From left: Asuka Goto, Elizabeth 5 (detail), pencil on pigment print, 17 x 22”, 2015; Elizabeth, Chapter 4 (detail), pencil, colored pencil, tape on collaged book pages (from a novel written by the artist’s father) on paper, 30 x 44”, 2016
NEW YORK
x ≈ y: An Act of Translation
Feb 17 - Mar 26, 2017
Opening Reception: Fri, Feb 17, 6-9 pm
BROOKLYN, NY – TSA is pleased to present x ≈ y: An Act of Translation, an exhibition featuring the work of Chloë Bass, Torkwase Dyson, Asuka Goto, Mona Saeed Kamal, Nina Katchadourian, and Byron Kim.

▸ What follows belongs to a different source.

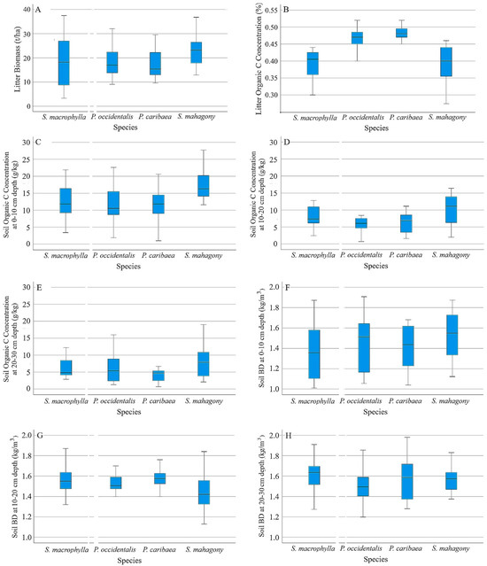 Boxplots showing the absence of outliers for the primary variables litter biomass panel (A), C content of litter panel (B), SOC concentration at the three depths assessed (0–10 in panel (C), 10–20 in panel (D), and 20–30 cm in panel (E)), and respective soil bulk density at each assessed depth (0–10 in panel (F), 10–20 in panel (G), and 20–30 cm in panel (H)).

The show posits the artist as translator, intermediary and interpreter of phenomena. In this equation, the role of the artist is to take pre-existing subject matter x, and transform it in into y – making visible the messy, illuminating and sometimes funny – process of translation. The act of literary translation is an inherently imperfect but idealistic endeavor, where the impossibility of true accuracy is overridden in favor of de-mystifying an Other. With the artists of x ≈ y as our guide, we gain multiple entry points to new forms of interpretation, and are nudged toward a mutually less obscured understanding.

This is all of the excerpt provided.